It is Saturday afternoon and the American-born architect and interior designer of 200-plus resorts and hotels across the globe is shirtless, and spirited. Working from home during the lockdown has filled him with enthusiasm because he’s been more productive in the past few weeks than in the previous six months, he says, adding: “This is the first time in 30 years I haven’t travelled for two weeks out of every month.”
So at a leisurely pace, he and horticulturist Jirachai Rengthong guide Post Magazine virtually around Baan Botanica, their sprawling home designed for alfresco living across three plots of land.

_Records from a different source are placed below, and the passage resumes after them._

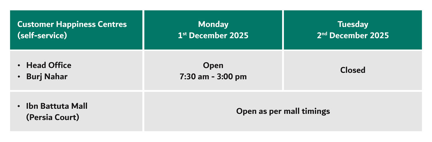 Future Customer Happiness Centre - (Ibn Battuta Mall – Persia Court) |
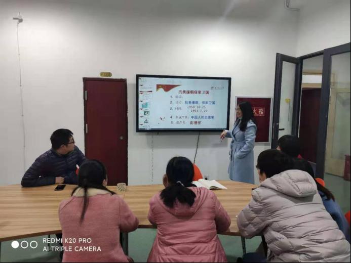 为纪念中国人民志愿军抗美援朝出国作战70周年,铭记历史,传承爱国精神,11月23日下午14时,太阳集团tyc151材料科学与工程公司研究生第九党支部在支部书记严翼飞老师的带领下开展了“继承和弘扬伟大抗美援朝精神,为实现中华民族伟大复兴而奋斗”主题组织生活。本次主题活动旨在弘扬爱国主义为核心的伟大民族精神,激发党员的爱国热情,丰富党员的组织活动。
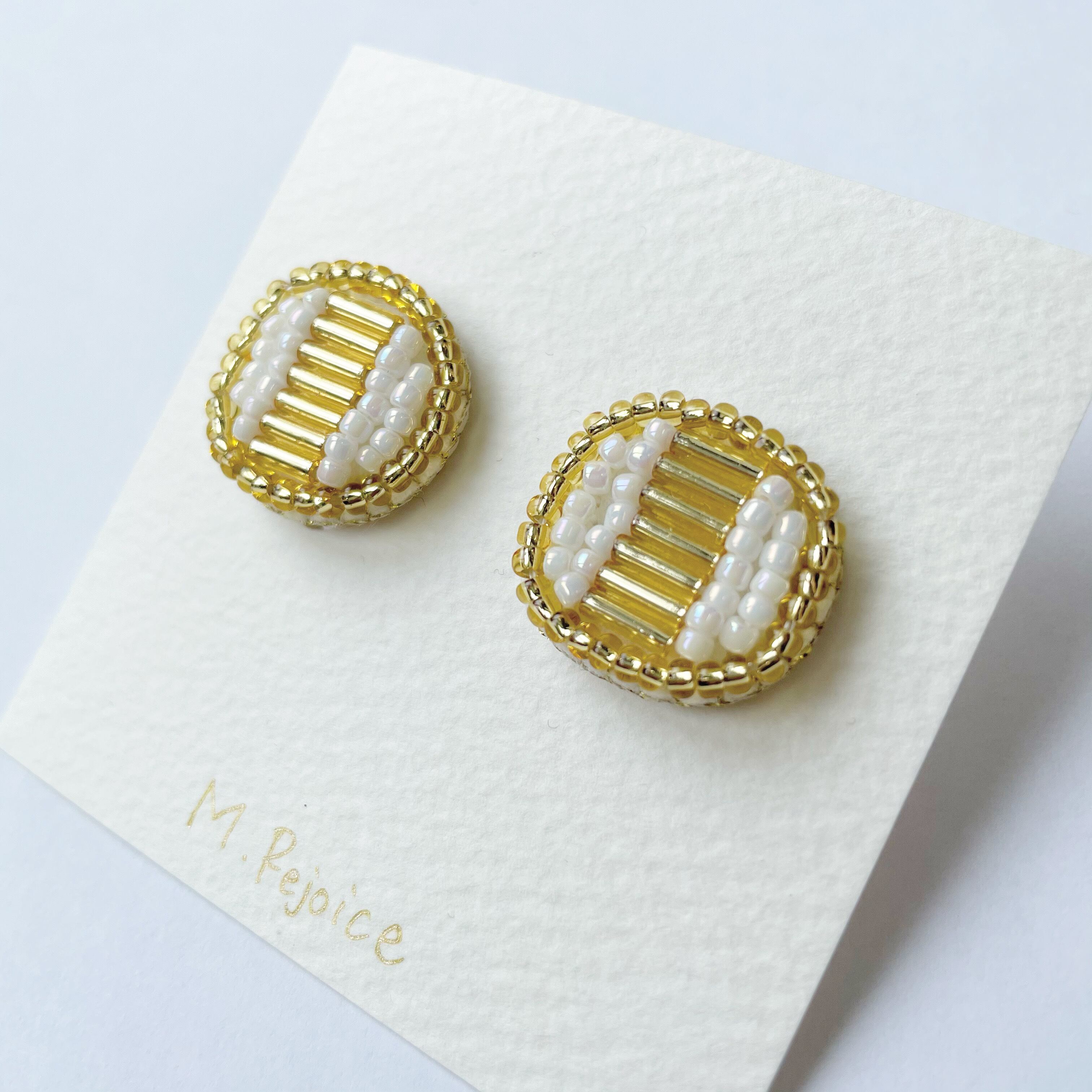 [ジュピター] 丸が可愛いビーズ刺繍イヤリング
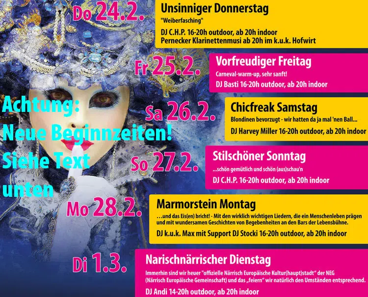 Kurzfristig mussten wir aufgrund behördlicher Bedenken unsere ursprünglich geplanten  Outdoor-Acts absagen. Indoor können wir uns gut an die Vorgaben halten, weshalb wir hier die Beginnzeiten allgemein auf 19h vorverlegt haben.

“The spaces are more like outdoor rooms,” Jirachai says. “The garden is many times bigger than the house.”
Labyrinthine even when not viewed through a small screen, the grounds accommodate 12 courtyards and 11 stand-alone structures, including guest rooms, helpers’ quarters and work areas. Twenty-three years ago, after Bensley’s stints in Singapore and Hong Kong, he and Jirachai moved into the main house, a two-storey, three-bedroom, colonial-style dwelling. They’ve been “titivating” ever since, Bensley says.
Little at their home remains the same for long because the buildings and gardens are used as mood boards for the commercial projects of his eponymous atelier: in the main house a column that appears to float, owing to recessed illumination at its base, found its way conceptually into the Anantara hotel in Hua Hin, Thailand.